▶ **WHAT YOU HAVE TO DO**:
In the entries below, find the line with "This mouse is" and the line with "找到安装的程序,拖拽到 PATCH OR DRAG"; copy them and every line between them exactly, but not the pictures.
++++ MATERIAL SHOWN
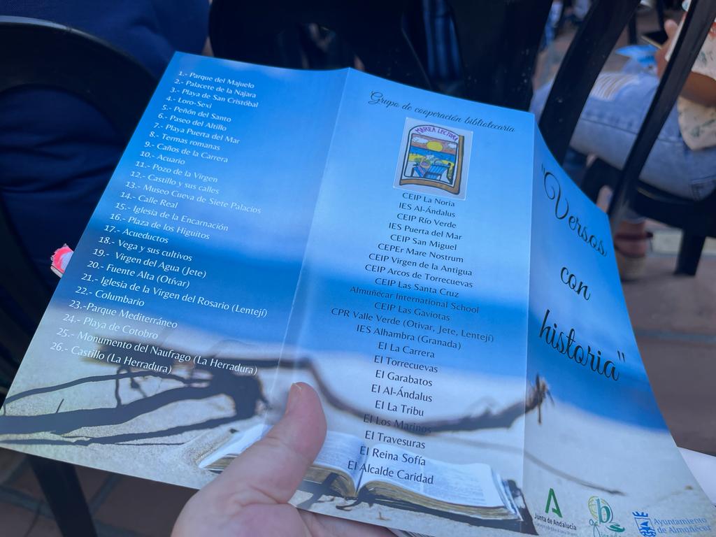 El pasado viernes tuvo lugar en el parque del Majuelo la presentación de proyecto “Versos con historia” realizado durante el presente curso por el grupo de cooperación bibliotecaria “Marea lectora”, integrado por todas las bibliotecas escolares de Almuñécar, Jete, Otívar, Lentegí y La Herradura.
++++++++
++++ MATERIAL SHOWN
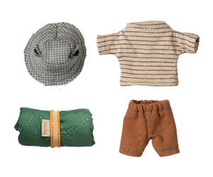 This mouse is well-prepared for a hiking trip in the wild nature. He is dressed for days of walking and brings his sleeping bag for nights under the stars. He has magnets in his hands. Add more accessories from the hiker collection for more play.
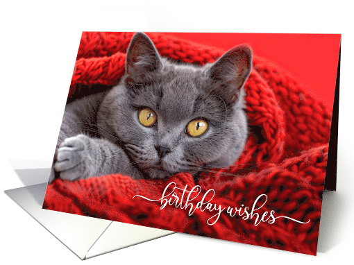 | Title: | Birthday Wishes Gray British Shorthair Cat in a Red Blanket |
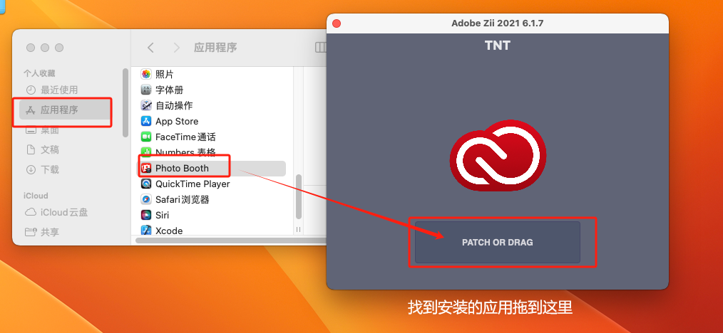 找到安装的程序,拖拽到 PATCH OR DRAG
++++++++
++++ MATERIAL SHOWN
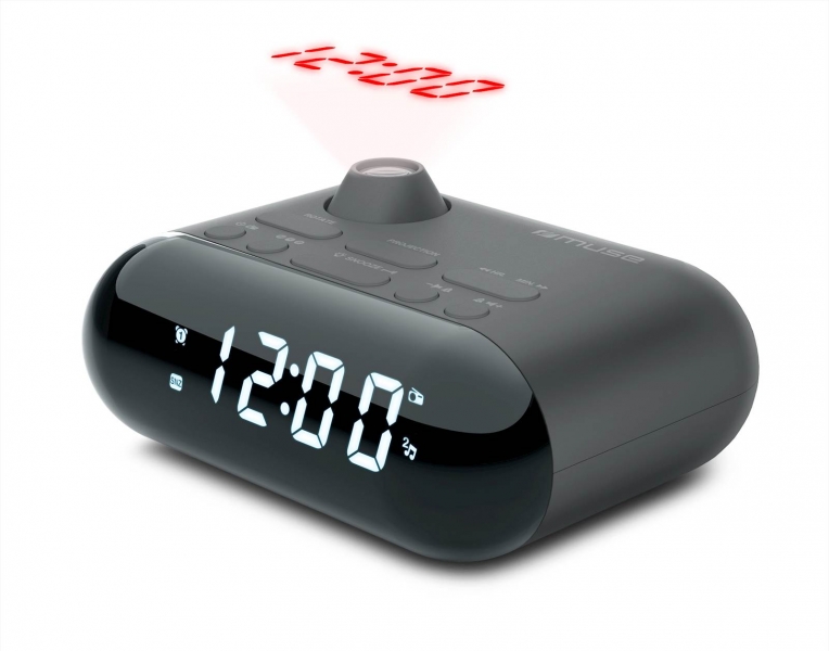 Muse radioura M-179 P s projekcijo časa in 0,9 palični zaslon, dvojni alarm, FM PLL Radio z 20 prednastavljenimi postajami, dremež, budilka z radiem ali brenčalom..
++++++++
▶ **YOUR RESPONSE**:
 This mouse is well-prepared for a hiking trip in the wild nature. He is dressed for days of walking and brings his sleeping bag for nights under the stars. He has magnets in his hands. Add more accessories from the hiker collection for more play.
 | Title: | Birthday Wishes Gray British Shorthair Cat in a Red Blanket |
 找到安装的程序,拖拽到 PATCH OR DRAG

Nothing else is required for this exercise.